Biologist at Work
Parasitologist - (Biologist by training)
Just like us, the monarch butterfly sometimes gets sick thanks to a nasty parasite. But Biologist Jaap de Roode noticed something interesting about the butterflies he was studying — infected female butterflies would choose to lay their eggs on a specific kind of plant that helped their offspring avoid getting sick. How do they know to choose this plant? Think of it as "the other butterfly effect" — which could teach us to find new medicines for the treatment of human disease
Ecologist - (Biologist by training)
Deborah Gordon studies ant colonies in the Arizona desert to understand their complex social system. She asks: How do these chitinous creatures get down to business -- and even multitask when they need to -- with no language, memory or visible leadership? Her answers could lead to a better understanding of all complex systems, from the brain to the Web. Thanks, ants.
Bio-medical Animator - (Biologist by training)
We have no ways to directly observe molecules and what they do -- but Drew Berry wants to change that. He demos his scientifically accurate (and entertaining!) animations that help researchers see unseeable processes within our own cells
If you have an inquisitive mind with an interest in using live organisms to help solve society's problems, then a career as a biotechnologist could be for you .
Biotechnologists use biological organisms to develop or make products designed to improve health, food and the world around us.
They study the genetic, chemical and physical attributes of cells, tissues and organisms and identify practical uses for this knowledge to aid medical, pharmaceutical, agricultural, or environmental advancement to essentially improve the quality of human life.
The work involves manipulating living organisms or their components to design or enhance vaccines, medicines, energy efficiency or food productivity.
Biotechnologists use many different scientific disciplines to improve processes for a range of different industries including pharmaceuticals, health care, biofuels, agriculture, conservation, animal husbandry and food production.
Types of biotechnology include:
- For Human and Environmental Health - detecting and controlling pollution and contamination in the environment, industrial waste, and agricultural chemicals, creating renewable energy and designing biodegradable materials to reduce humanity's ecological footprint. Using live organisms or biomolecular processes to develop and improve treatments, identify inherited diseases, cure certain disorders, and even lead to organ regeneration
- industrial - using cloning and enzyme production to preserve and enhance the taste in food and drink, and developing enzymes to remove stains from clothing at lower washing temperatures
- For food - agricultural biotechnology - improving animal feed and genetically modifying crops to increase pest resistance and productivity. Marine and aquatic biotechnology - increasing the yields of farmed fish and designing disease-resistant strains of oysters and vaccines against certain viruses that can infect fish
- For Energy - biofuels - using organic compounds to reduce the cost of bio-refining reagents and put biofuels on equal footing with fossil fuels, and creating chemicals from renewable biomass to reduce greenhouse gas emissions.

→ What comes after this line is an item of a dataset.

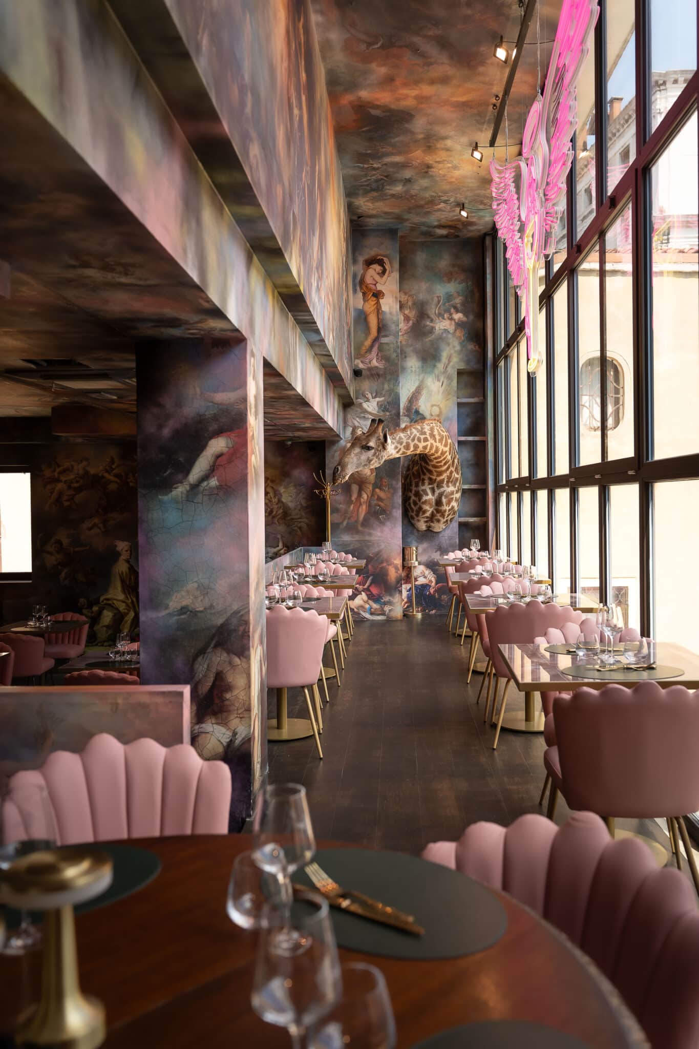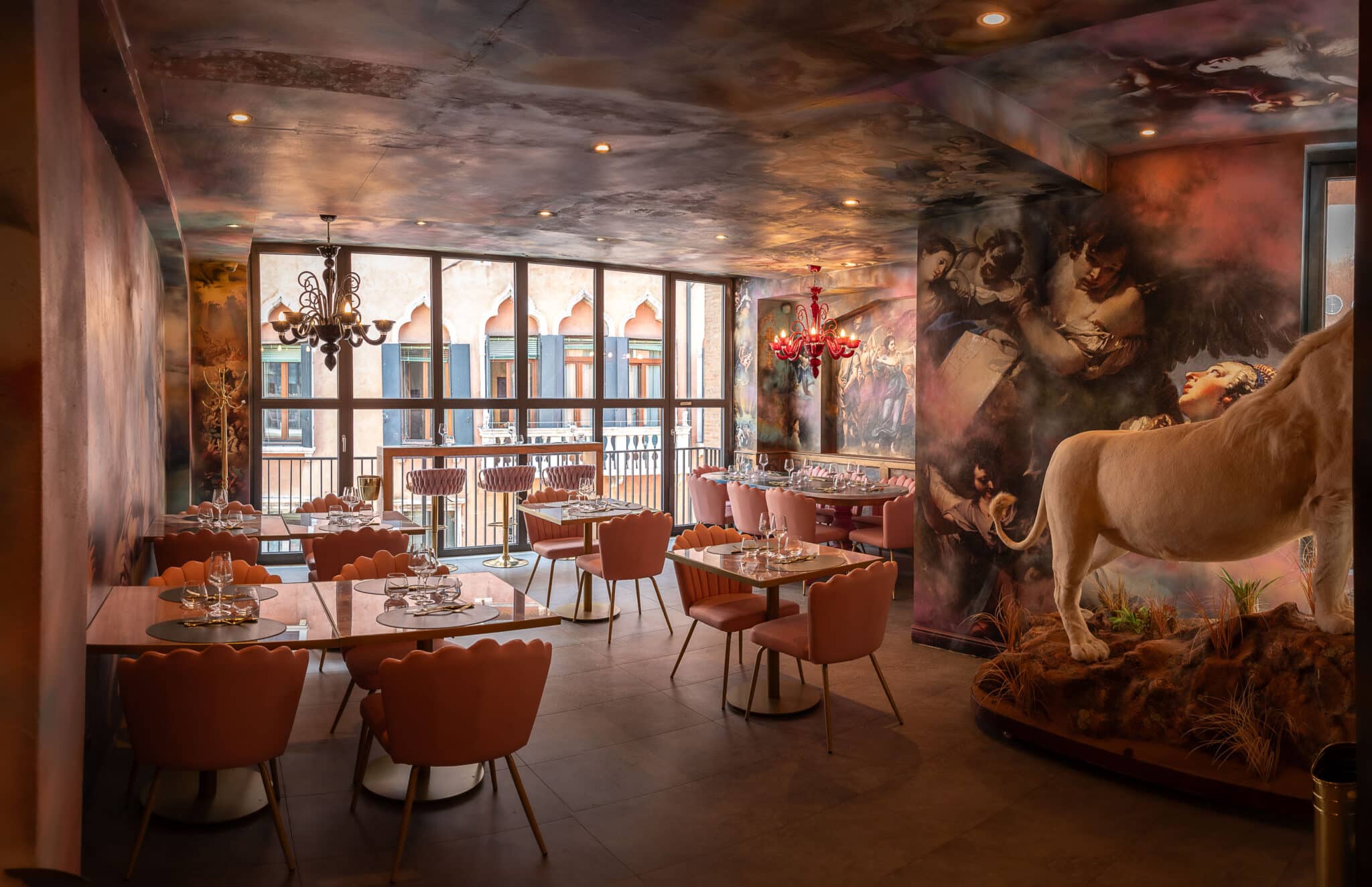Qui si entra in un mondo a parte, un esperienza sensoriale tra onice rosa e animali selvatici, lampadari di Murano e graffiti ispirati al Rinascimento.

Modellor - A Translator from Biology to Mathematics
Irina Kareva translates biology into mathematics and vice versa. She writes mathematical models that describe the dynamics of cancer, with the goal of developing new drugs that target tumors. "The power and beauty of mathematical modeling lies in the fact that it makes you formalize, in a very rigorous way, what we think we know," Kareva says. "It can help guide us to where we should keep looking, and where there may be a dead end." It all comes down to asking the right question and translating it to the right equation, and back. Dr. Irina Kareva studies cancer as an evolving ecosystem, bringing in insights from various disciplines -- from evolutionary biology to paleontology to ergodic theory -- to understand how we can manage, if not cure, cancer like a chronic disease.
Ichthyologist (Zoologist) - Evolutionary Biologist
Did humans evolve from monkeys or from fish? In this enlightening talk, ichthyologist Prosanta Chakrabarty dispels some hardwired myths about evolution, encouraging us to remember that we're a small part of a complex, four-billion-year process -- and not the end of the line. "We're not the goal of evolution," Chakrabarty says. "Think of us all as young leaves on this ancient and gigantic tree of life -- connected by invisible branches not just to each other, but to our extinct relatives and our evolutionary ancestors."